The results above show that a new polypeptide and polypeptide fragments are provided, which can be used to modulate cell growth. The compound has been shown to exhibit varying activity depending on the nature of the cell line involved, so that it may be used as such or in conjunction with other compounds for modulating cell growth. The present polypeptides therefore involve the addition of an additional polypeptide, which can be used with mixtures of cells, both in vivo and in vivo, to selectively reduce or enhance the cell proliferation of a particular type of cell.

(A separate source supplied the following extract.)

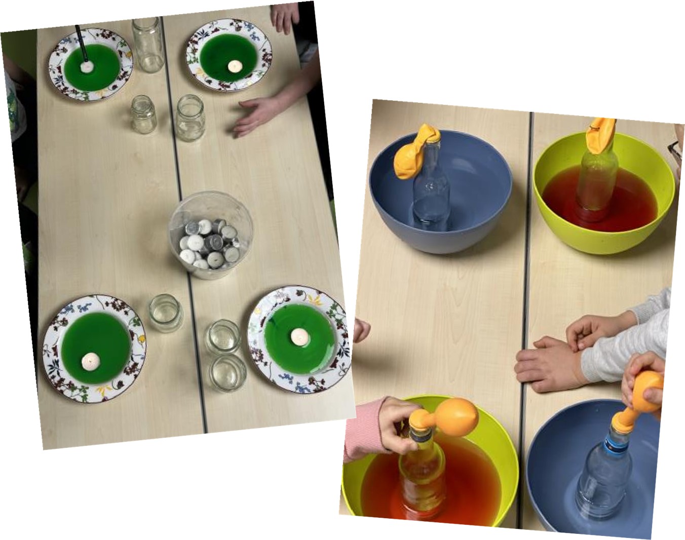 Die Kinder konnten experimentieren und an tollen Modellen erfahren, wie sich Luft ausdehnt, wie man eine Kerze mit Koh- lendioxid erstickt und haben wie weit selbstgebastelte Trinkhalmraketen fliegen.

In particular, the factor can be used to treat cells for autologous bone marrow transplants. The use of the factor inhibits the growth of tumor cells in the marrow and can stimulate colon cell formation. Oncostatin M can also be used to stimulate the growth of epithelial cells and thus promote wound healing. Furthermore, the intact polypeptide or fragments thereof can be used as immunogens to induce antibody formation. The induced antibodies can be used to determine the level of Oncostatin M present in a body fluid or to modulate the activity of the factor by binding thereto. Furthermore, these antibodies together with purified Oncostatin M or fragments thereof serve as a component in diagnostic test kits together with other reagents, especially antibodies for detecting and quantifying Oncostatin M.

Claims (5)

10 15 31 505 059 Patent claims A method for producing a cell growth regulating polypeptide capable of inhibiting the proliferation of neoplastic cells and stimulating the proliferation of normal human fibroplastes and which does not inhibit proliferative and cytotoxic human T cell responses and does not inhibit granulocytic / myelocytic bone marrow colonic cell formation. from 17 to 19 kD, determined by gel chromatography, and 28 kD, determined by SDS-PAGE, and is relatively insensitive to medium acids and bases and is stable at a temperature of 56 ° C and includes at least one amino acid sequence that differs by no more than three amino acids and preferably not more than one amino acid from any of the following sequences: 1 s 1o 1s 2o zs ao ss AA-1-cscsKEY - RvLLeQLQKQTnLMQnTsTLL-TPv-1 1 5 10 15 20 QRLPKAQDLERSGLNIEDLE LREHCRERPGAFPSEQQLI-VG characterized by isolating leukocytes from a mammals, which leukocytes are selected from the group comprising histiocytic lymphoma cells and normal human peripheral blood lymphocytes, activate said lymphocytes with an inducing agent selected from the group consisting of ingenols and phorbol when said lymphocytes are selected from histiocytic lymphocyte cells are selected from normal human peripheral blood lymphocytes and from said activated leukocytes isolate, free from cellular material, said cell growth regulating polypeptide in a purity which provides a specific activity of at least about 10 GlA units / ng protein and preferably at least 100 GIA units / ng protein. The method according to claim 1, characterized in that U937 cells are selected as histiocytic lymphoma cells. Process according to Claim 1 or 2, characterized in that O-tetradecanoylphorbol-13-acetate is chosen as phorbol. The method according to claim 1, characterized in that phytohemagglutinin-P is selected as mitogen. Antibodies, characterized in that they are immunologically reactive with the polypeptide produced according to claim 1.